- Work to be completed
Where the line with "また、ユーザ別の投稿や自分のストックした情報も閲覧できます。" appears below, start writing out lines exactly, and finish with the line with "2018年5月29日上午,由", which is included; write out nothing else.

- Supplied information
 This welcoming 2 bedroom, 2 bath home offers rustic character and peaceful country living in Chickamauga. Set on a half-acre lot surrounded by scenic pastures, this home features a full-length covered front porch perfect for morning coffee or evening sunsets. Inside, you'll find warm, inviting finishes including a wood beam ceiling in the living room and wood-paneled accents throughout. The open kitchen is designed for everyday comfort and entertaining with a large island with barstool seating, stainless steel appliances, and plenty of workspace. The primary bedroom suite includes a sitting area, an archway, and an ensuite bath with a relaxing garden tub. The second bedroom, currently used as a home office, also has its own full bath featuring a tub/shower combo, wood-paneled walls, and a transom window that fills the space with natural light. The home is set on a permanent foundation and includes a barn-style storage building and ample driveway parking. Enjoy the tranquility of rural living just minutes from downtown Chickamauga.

---

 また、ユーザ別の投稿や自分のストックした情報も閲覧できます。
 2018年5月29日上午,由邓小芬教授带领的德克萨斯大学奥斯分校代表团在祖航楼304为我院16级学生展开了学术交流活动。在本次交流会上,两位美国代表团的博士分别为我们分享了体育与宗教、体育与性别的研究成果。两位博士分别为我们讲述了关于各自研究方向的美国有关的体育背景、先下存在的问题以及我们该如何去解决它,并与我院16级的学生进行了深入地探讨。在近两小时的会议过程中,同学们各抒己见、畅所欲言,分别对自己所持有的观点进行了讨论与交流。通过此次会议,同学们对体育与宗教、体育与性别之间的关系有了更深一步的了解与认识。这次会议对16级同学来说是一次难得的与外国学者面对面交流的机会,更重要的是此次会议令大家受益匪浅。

- Response area
 また、ユーザ別の投稿や自分のストックした情報も閲覧できます。
 2018年5月29日上午,由邓小芬教授带领的德克萨斯大学奥斯分校代表团在祖航楼304为我院16级学生展开了学术交流活动。在本次交流会上,两位美国代表团的博士分别为我们分享了体育与宗教、体育与性别的研究成果。两位博士分别为我们讲述了关于各自研究方向的美国有关的体育背景、先下存在的问题以及我们该如何去解决它,并与我院16级的学生进行了深入地探讨。在近两小时的会议过程中,同学们各抒己见、畅所欲言,分别对自己所持有的观点进行了讨论与交流。通过此次会议,同学们对体育与宗教、体育与性别之间的关系有了更深一步的了解与认识。这次会议对16级同学来说是一次难得的与外国学者面对面交流的机会,更重要的是此次会议令大家受益匪浅。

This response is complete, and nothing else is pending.